» INFORMATION SUPPLIED
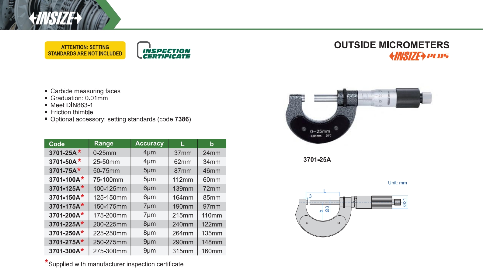 | 3701-25A | 0-25mm | 4µm | 0.01mm |
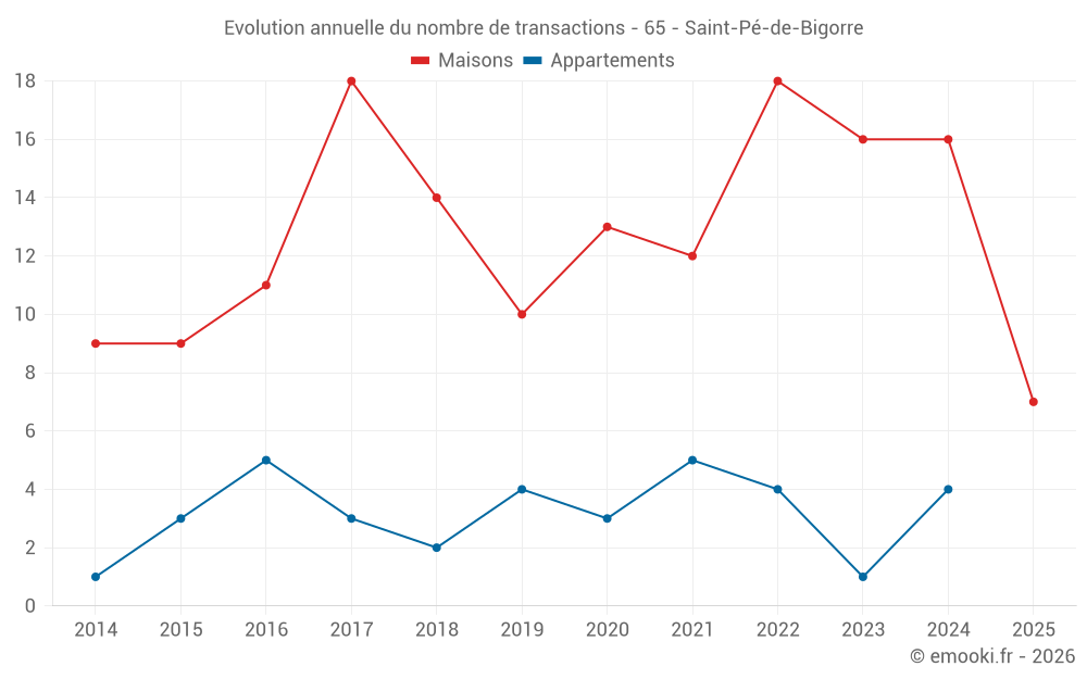 Le prix médian sur les 16 transactions de maisons des 12 derniers mois dans la commune de Saint-Pé-de-Bigorre était de 1 159 € par mètre carré pour une valeur foncière médiane de 122 825 €. Sur cette période 60% des transactions se sont situées entre 821 et 1 689 € par mètre carré (du 2ème au 8ème déciles).
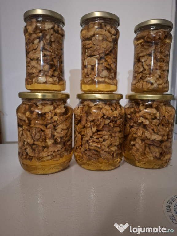Miez de nucă cu miere de salcâm 314ml 25 lei, 720ml 50 lei.

» WORK TO BE COMPLETED
Provide the listing above once more, exactly, with the pictures removed.

» RESPONSE BELOW
 | 3701-25A | 0-25mm | 4µm | 0.01mm |
 Le prix médian sur les 16 transactions de maisons des 12 derniers mois dans la commune de Saint-Pé-de-Bigorre était de 1 159 € par mètre carré pour une valeur foncière médiane de 122 825 €. Sur cette période 60% des transactions se sont situées entre 821 et 1 689 € par mètre carré (du 2ème au 8ème déciles).
Miez de nucă cu miere de salcâm 314ml 25 lei, 720ml 50 lei.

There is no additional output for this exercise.